Character ASCII Character ASCII
'0'-'9' 48-57 'A'-'Z' 65-90
'a'-'z' 97-122 Space 32
'\n' 10 '\t' 9

Wide and Unicode Characters

wchar_t wide = L'A';             // Wide character (2-4 bytes)
char16_t utf16 = u'A';           // UTF-16 character (C++11)
char32_t utf32 = U'A';           // UTF-32 character (C++11)
char8_t utf8 = u8'A';            // UTF-8 character (C++20)

// Wide string
wchar_t wstr[] = L"Hello";

Boolean Type

The bool Type

bool isActive = true;
bool hasPermission = false;

// In C++, non-zero is true, zero is false
bool a = 1;       // true
bool b = 0;       // false
bool c = -1;      // true (any non-zero)
bool d = 3.14;    // true

Boolean in Conditions

bool loggedIn = true;

if (loggedIn) {
    cout << "Welcome!" << endl;
}

// Explicit comparison is redundant:
if (loggedIn == true)  // Works, but unnecessary
if (loggedIn)          // Preferred

Boolean Operators

bool a = true, b = false;

// Logical AND
bool andResult = a && b;    // false

// Logical OR
bool orResult = a || b;     // true

// Logical NOT
bool notResult = !a;        // false

// Comparison operators return bool
bool isEqual = (5 == 5);    // true
bool isGreater = (5 > 3);   // true

Type Modifiers

Modifier Keywords

Modifier Effect
signed Can hold negative values (default for int)
unsigned Only non-negative values
short Smaller size
long Larger size
const Value cannot change
volatile Value may change unexpectedly
mutable Can be modified in const context

Examples

// Size modifiers
short int small = 100;           // At least 16 bits
long int big = 100000;           // At least 32 bits
long long int huge = 1e18;       // At least 64 bits

// Simplified (int is implied)
short s = 100;
long l = 100000;
long long ll = 1e18;

// Combining modifiers
unsigned long ul = 4000000000UL;
unsigned long long ull = 18000000000000000000ULL;

Type Conversion

Implicit Conversion (Automatic)

// Promotion: smaller type to larger type (safe)
int i = 100;
long l = i;          // int to long
double d = i;        // int to double

// Narrowing: larger type to smaller (may lose data)
double pi = 3.14159;
int truncated = pi;  // 3 (decimal lost!)

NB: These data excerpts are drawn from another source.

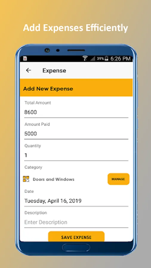 Construction ExpenseVUE app features include: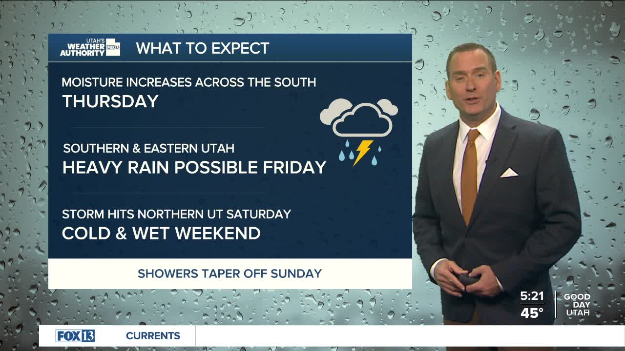 Sunny & warmer today & tomorrow. Moisture moves back into the south Thursday, then becomes widespread by Friday. Another storm will bring colder, wet weather across the area this weekend.
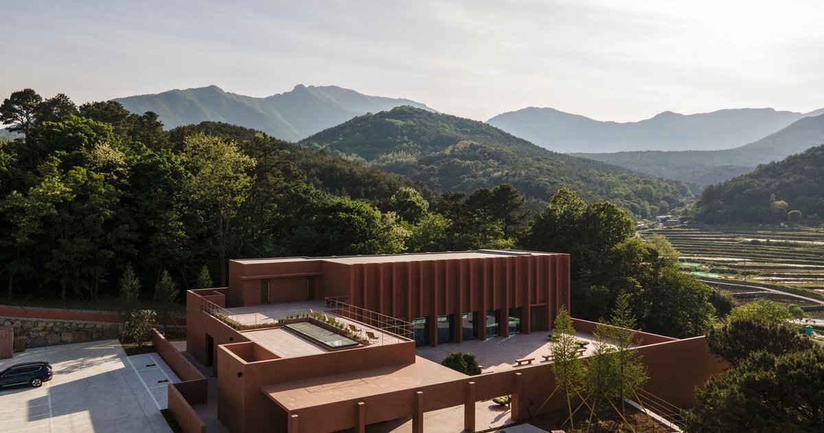 Sihaon’s design masterfully connects the built environment with its natural surroundings. By observing the height of nearby trees, the architects designed walls with varying heights and slits, framing views of the surrounding Yeongnam Alps. Inside, visitors encounter a series of carefully orchestrated sequences that keep the experience dynamic. From a dramatic window framing the mountains to views of the garden pond and lush landscaping, each space offers a distinct perspective, enriching the experience with natural light and minimizing reliance on artificial lighting.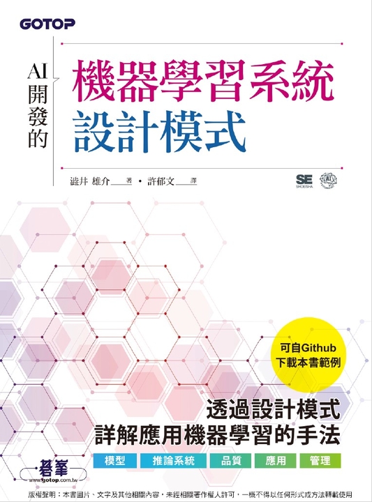 本書內容兼顧理論與實務,用大量示意圖與範例,幫助讀者建立機器學習的基本概念。第一章介紹機器學習的基本概念與類型,幫助讀者快速入門。第二章深入探討監督式學習,涵蓋多種經典演算法,如線性回歸、決策樹與神經網路等。第三章則介紹非監督式學習,重點講解資料探索與聚類方法。第四章專注於模型評估與優化,幫助讀者提升模型性能。最後,第五章通過台股數據分析與YOLO物件辨識兩個實戰專案,讓讀者實際應用所學知識,開啟機器學習與深度學習的探索之旅。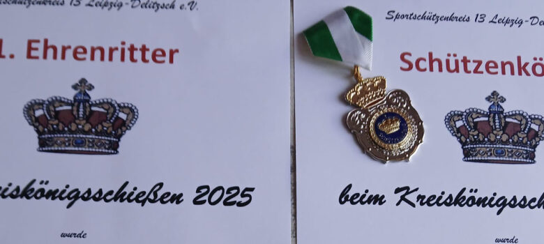 Am 3.10.25 fand in Delitzsch das Kreiskönigsschießen statt. Unseren Verein vertraten Lucas Kanitz (Herren) und Karsten Kanitz (Auflage). Beide konnten sich durch einen guten Treffer weit vorn platzieren: Lucas wurde Schützenkönig des SSK 13 und Karsten wurde 1. Ehrenritter. Lucas wird den Schützenkreis 13 am 8. November beim Landeskönigsschießen vertreten und wir drücken ihm dabei […]

// Integer promotion in expressions
short a = 10, b = 20;
auto result = a + b; // Result is int, not short

Explicit Conversion (Casting)

// C-style cast (avoid in C++)
int i = (int)3.14;           // Old style

// C++ function-style cast
int j = int(3.14);           // Slightly better

// C++ named casts (preferred)
double d = 3.14;
int k = static_cast<int>(d); // Safest, most readable

C++ Cast Types

// static_cast - compile-time checked conversions
double d = 3.14;
int i = static_cast<int>(d);

// dynamic_cast - runtime checked (for polymorphism)
Derived* dp = dynamic_cast<Derived*>(basePtr);

// const_cast - remove or add const
const int* cp = &x;
int* p = const_cast<int*>(cp);

// reinterpret_cast - low-level reinterpretation
int* ip = reinterpret_cast<int*>(0x12345678);

Conversion Hierarchy

Promotion Order (implicit):
bool → char → short → int → long → long long → float → double → long double

When types mix in expressions, smaller types promote to larger.

Constants and Literals

Defining Constants

// const keyword (compile-time or runtime)
const int MAX_SIZE = 100;
const double PI = 3.14159265359;
const char NEWLINE = '\n';

// constexpr (compile-time only, C++11)
constexpr int BUFFER_SIZE = 1024;
constexpr double E = 2.71828;

// #define (preprocessor, avoid in C++)
#define OLD_STYLE_CONSTANT 100    // Not recommended

const vs constexpr

// const - may be initialized at runtime
const int x = getUserInput();    // OK

// constexpr - must be known at compile time
constexpr int y = 10 * 5;        // OK
constexpr int z = getUserInput(); // ERROR!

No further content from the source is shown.